Task statement
Could you output the listing that follows exactly, without its images?

Data excerpt
------------------------------------------------------------------------

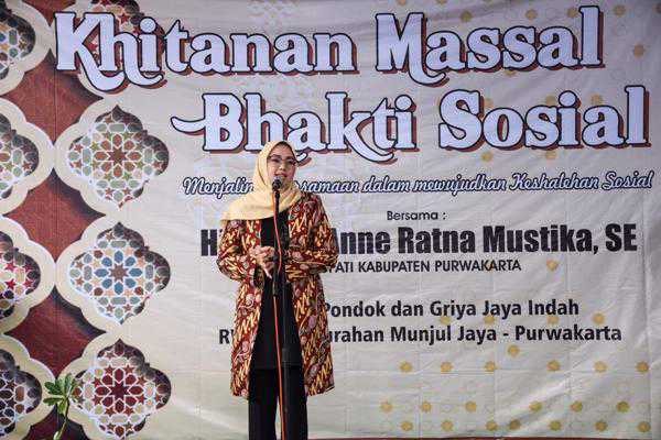 Melalui kesempatan tersebut, Bupati Anne menjelaskan bahwa kini mulai banyak simpul warga yang menggelar sunatan massal. Menurut dia, kegiatan tersebut merupakan indikator bahwa warga Purwakarta sudah memiliki tingkat kepedulian sosial, kemandirian dan kreativitas.
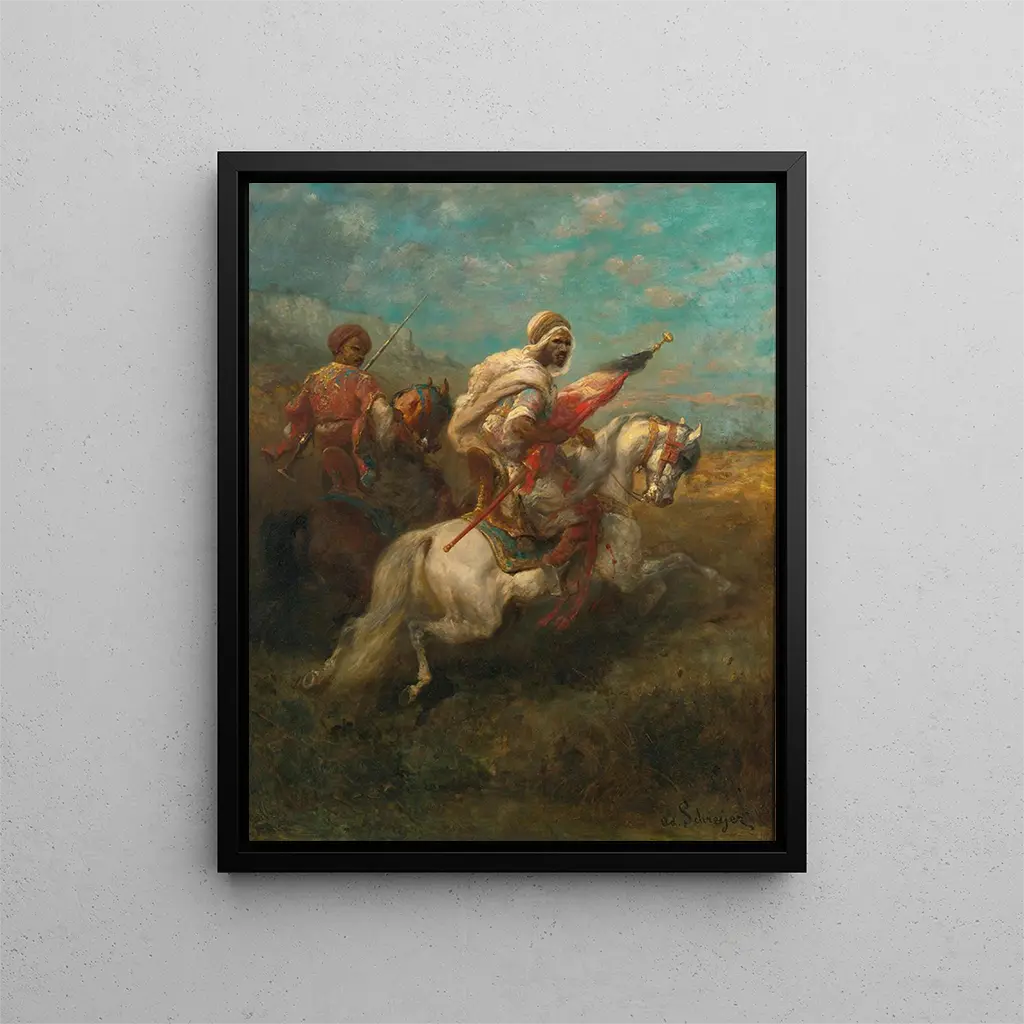 L maleri "Deux éclaireurs à cheval" af Adolf Schreyer er et fascinerende værk, der transporterer seeren til en verden, hvor den vilde natur møder rytternes heroisme. Dette værk, emblematiserende for den romantiske strømning, fremkalder ikke kun skønheden i landskabet, men også modet hos de personer, der bor i det. Gennem en dynamisk komposition og en rig farvepalette formår Schreyer at fange selve essensen af eventyret og opdagelsen, og inviterer hver enkelt til at forestille sig selv ved siden af disse éclaireurs i en episk søgen.
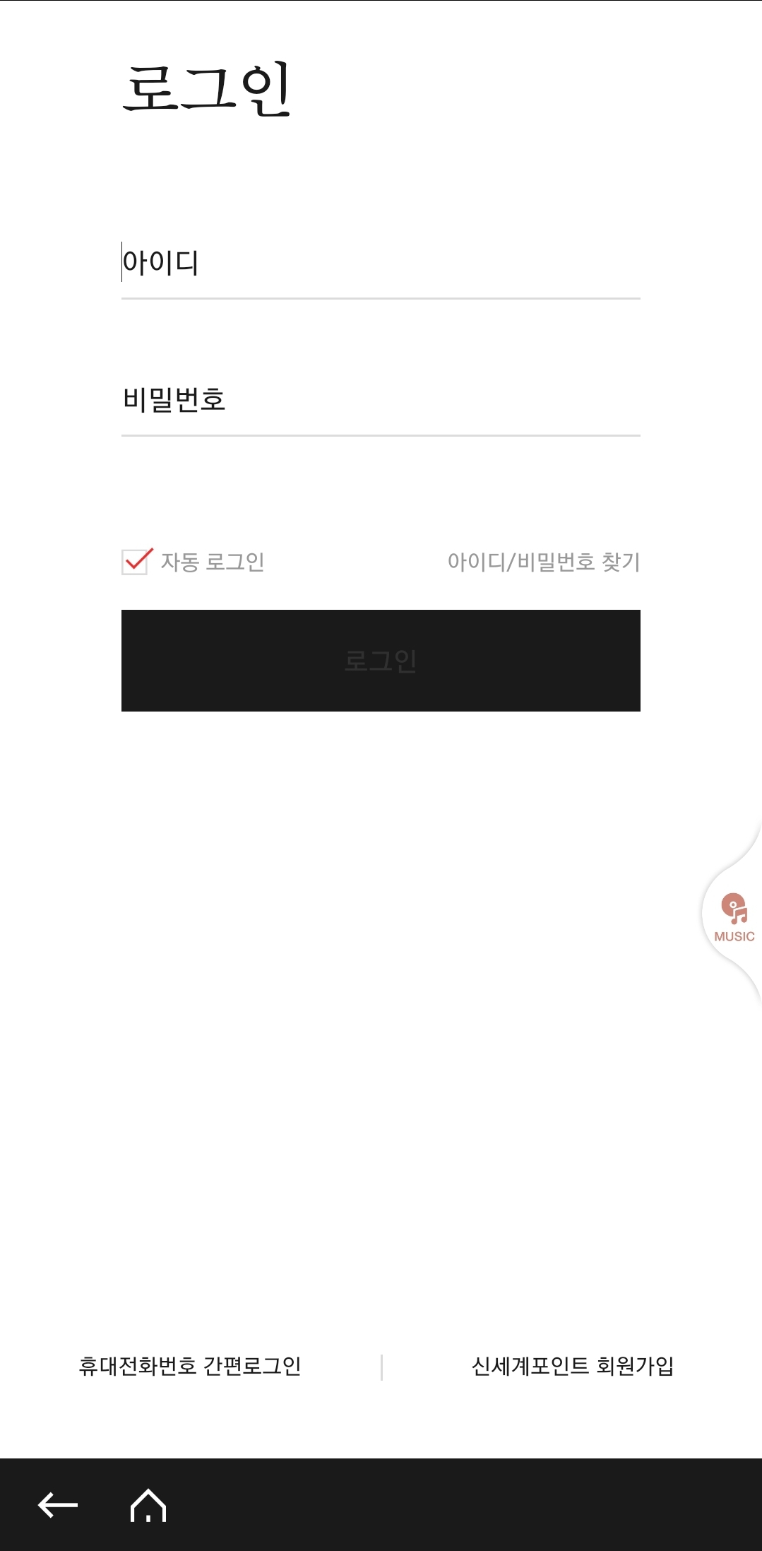 이용지점 선택 - 왼쪽 상단 세줄목록 선택 후 - 로그인
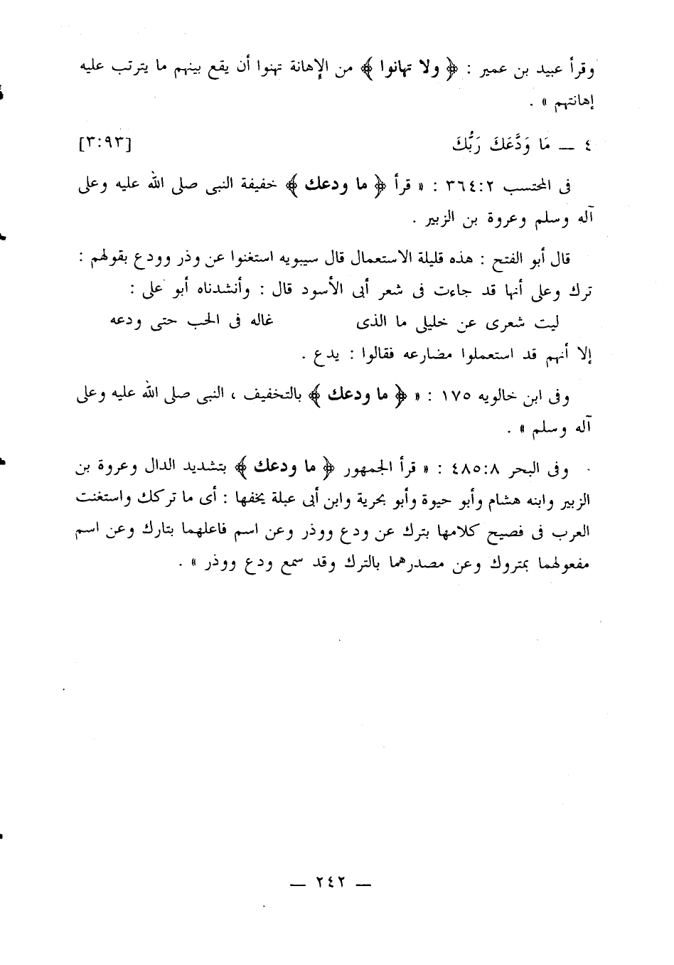 وفي البحر 8: 485: «قرأ الجمهور {ما ودعك} بتشديد الدال وعروة بن الزبير وابنه هشام وأبو حيوة وأبو بحرية وابن أبي عبلة يخفها: أي ما تركك واستغنت العرب في فصيح كلامها بترك عن ودع ووذر وعن اسم فاعلهما بتارك وعن اسم مفعولهما بمتروك وعن مصدرهما بالترك وقد سمع ودع ووذر».

------------------------------------------------------------------------

Worked solution
 Melalui kesempatan tersebut, Bupati Anne menjelaskan bahwa kini mulai banyak simpul warga yang menggelar sunatan massal. Menurut dia, kegiatan tersebut merupakan indikator bahwa warga Purwakarta sudah memiliki tingkat kepedulian sosial, kemandirian dan kreativitas.
 L maleri "Deux éclaireurs à cheval" af Adolf Schreyer er et fascinerende værk, der transporterer seeren til en verden, hvor den vilde natur møder rytternes heroisme. Dette værk, emblematiserende for den romantiske strømning, fremkalder ikke kun skønheden i landskabet, men også modet hos de personer, der bor i det. Gennem en dynamisk komposition og en rig farvepalette formår Schreyer at fange selve essensen af eventyret og opdagelsen, og inviterer hver enkelt til at forestille sig selv ved siden af disse éclaireurs i en episk søgen.
 이용지점 선택 - 왼쪽 상단 세줄목록 선택 후 - 로그인
 وفي البحر 8: 485: «قرأ الجمهور {ما ودعك} بتشديد الدال وعروة بن الزبير وابنه هشام وأبو حيوة وأبو بحرية وابن أبي عبلة يخفها: أي ما تركك واستغنت العرب في فصيح كلامها بترك عن ودع ووذر وعن اسم فاعلهما بتارك وعن اسم مفعولهما بمتروك وعن مصدرهما بالترك وقد سمع ودع ووذر».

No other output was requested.